I read an article recently written by John Piper on January 1, 2002. It’s a word for the beginning of the year, and I think it’s a truth that my human soul what do well to meditate on at each year’s start.
Piper makes the remark that “all we will get from God this year as believers in Jesus is mercy.” Whatever pains or pleasures, highs or lows, that come our way will all be mercy. This perspective, for us humans, is sometimes a hard one to hold fast too. BUT I can say that the times I have allowed the Holy Spirit to give me eyes to truly see, I can say my soul does indeed radiate gratitude.
Now, let me vent about my lack of real faith sometimes (or what I, in my humanness, think to be a lack of real faith). . I’ve conditioned myself to feel like my faith has to be grand, perfect, relentless natural. In Luke 17:5, the apostles pleaded with the Lord, “Increase our faith!” And the Lord said (v. 6), “If you had faith like a grain of mustard seed, you could say to this mulberry tree, ‘Be uprooted and planted in the sea,’ and it would obey you.”
I unashamedly confess I pray this prayer often. Piper remarks, “In other words, the issue in your Christian life and ministry is not the strength or quantity of your faith, because that is not what uproots trees. God does.” God is all-powerful, the Creator of the universe; moving trees and mountains is a small thing for Him.
“The issue is not perfection for Christ, but connection to Christ.”
Piper then makes a charge: Take heart, the smallest seed of faith connects with all of Christ’s mercy. So really, maybe it’s more about the sincerity of the heart, of the faith, with a desire to truly connect with God.
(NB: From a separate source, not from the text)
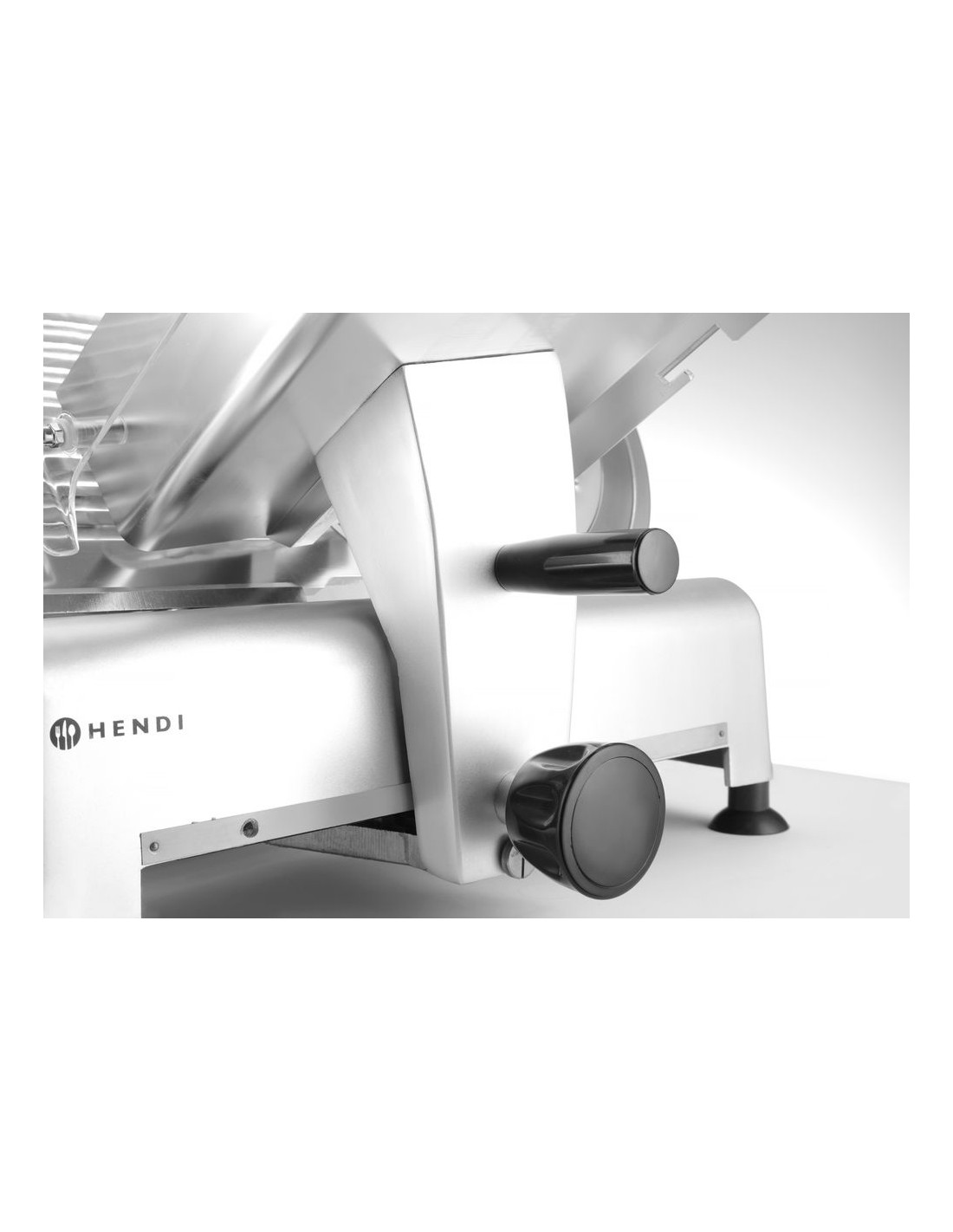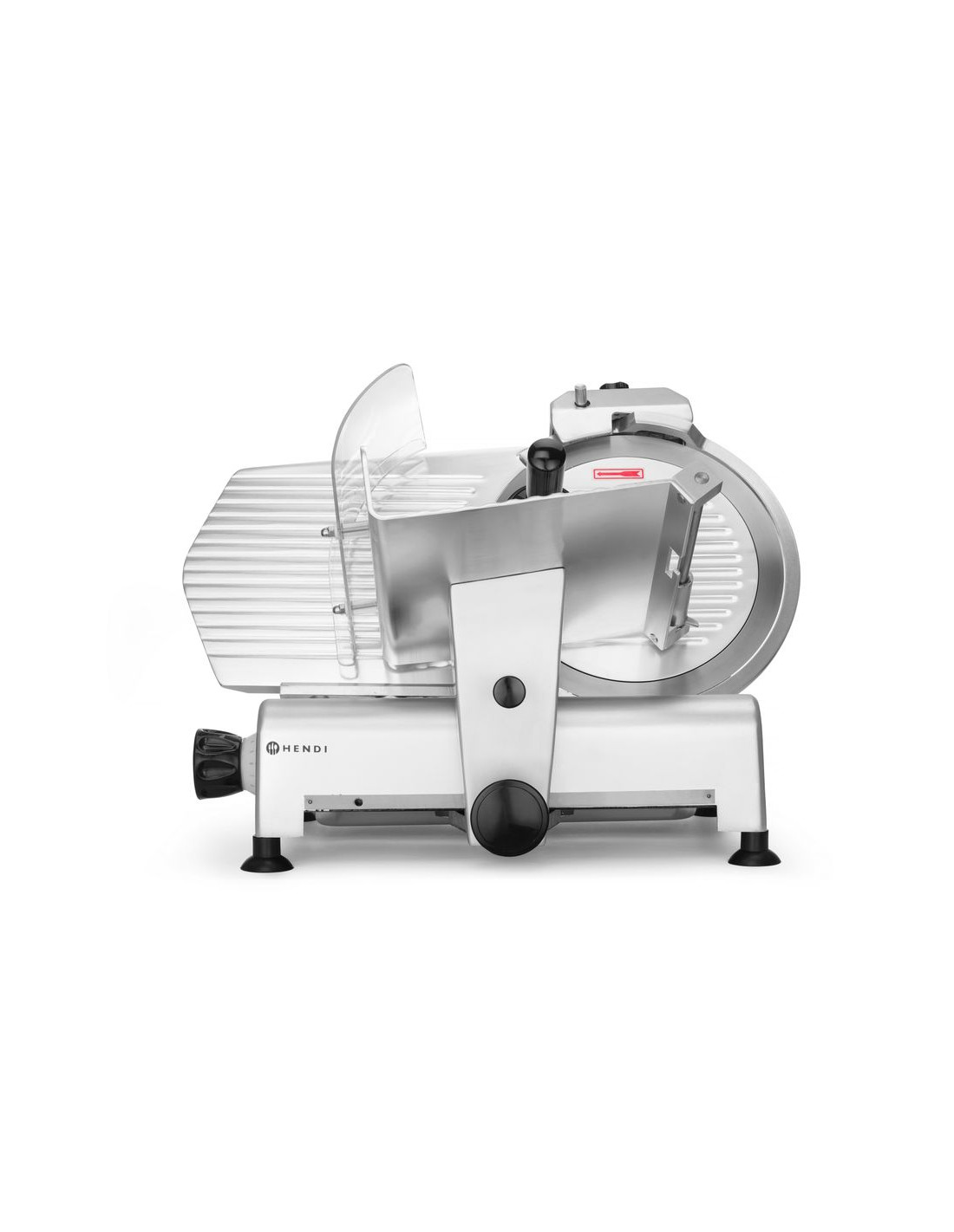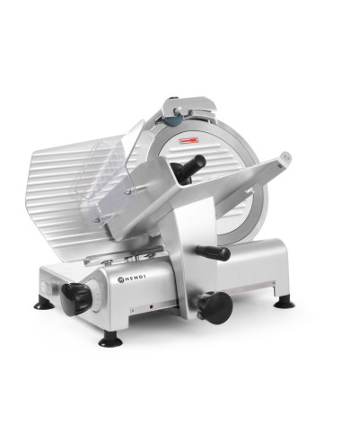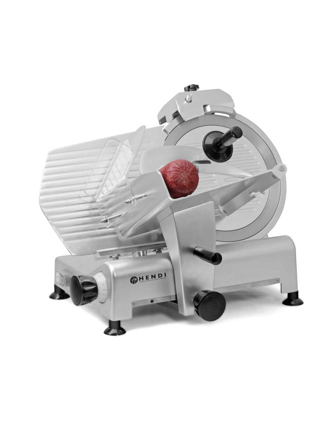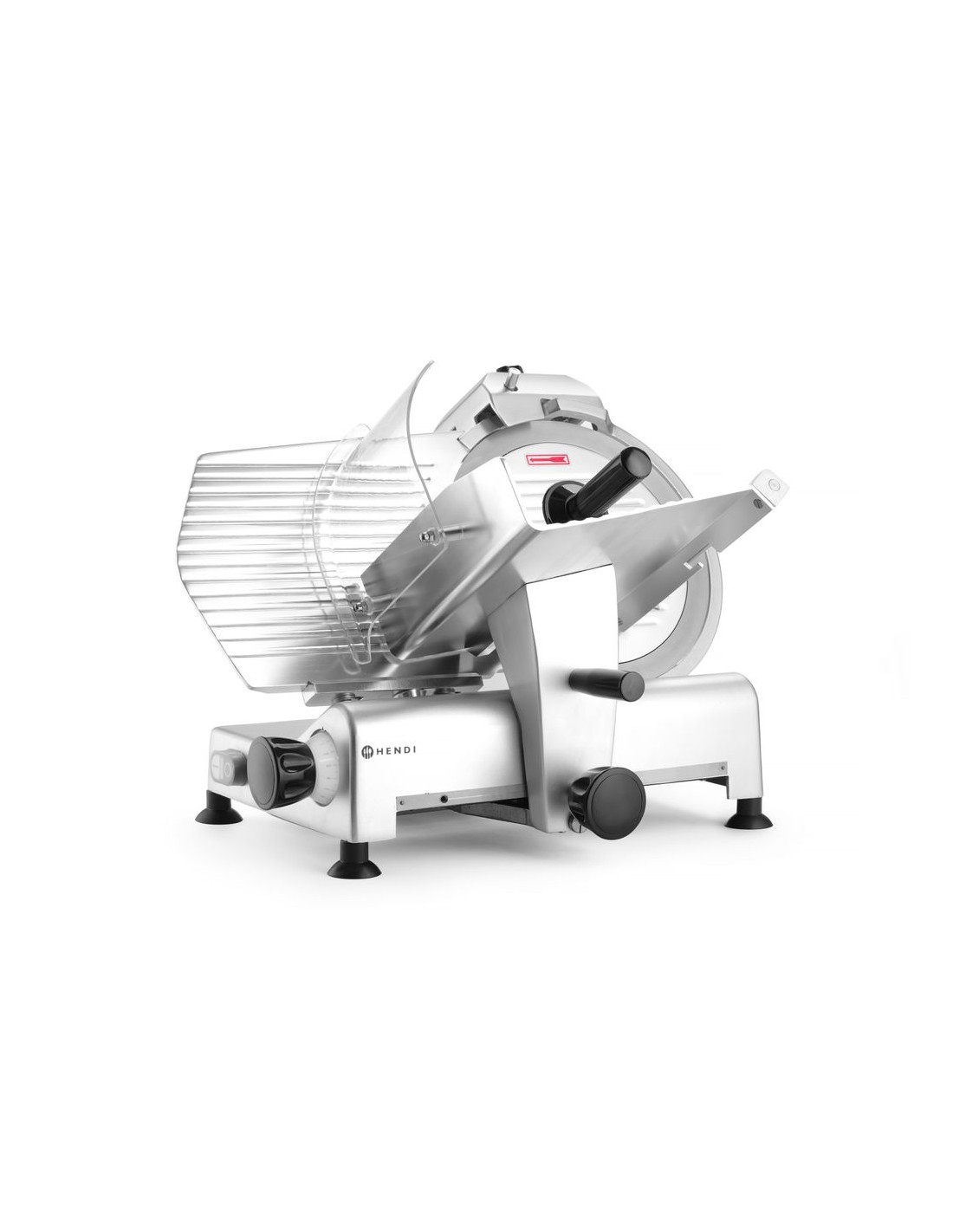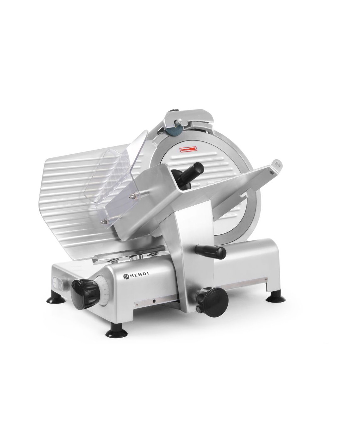 Hölje av belagd aluminium. Härdat rostfritt stålblad, vinklat. Luftkyld motor med överhettningsskydd. Kraftfull motor för att skära tufft kött. Utrustad med bladskydd och inbyggd slipmaskin. Vagn med säkerhetsskydd, klämelement och vertikal låsanordning. Snabb och enkel demontering för enkel rengöring. Uppfyller alla säkerhetskrav för utrustning för professionellt bruk, dvs: – genom att ställa in vredet på "0" skärtjocklek håller bladet sig bakom skyddet. – skydd mot oönskad start om slipmaskinen eller bladskyddet tas bort. – möjlighet att låsa och ta bort vagnen endast med bladet inställt i "0" skärtjockleksläge. Ej lämplig för att skära ost. Ostskivning möjlig med en separat tillgänglig non-stick kniv.

On the flip side you have obedience, but what I have meditated on recently is that both the fullest obedience and the smallest faith obtain the same thing from God: mercy. Hallelujah.
“The point is: whatever the timing or form of God’s mercy, we never rise above the status of beneficiaries of mercy. We are always utterly dependent on the undeserved.”
So this year I resolve to do my best, with the strength and grace of God’s Spirit inside me, to focus more on the authenticity of my faith than the measure of it.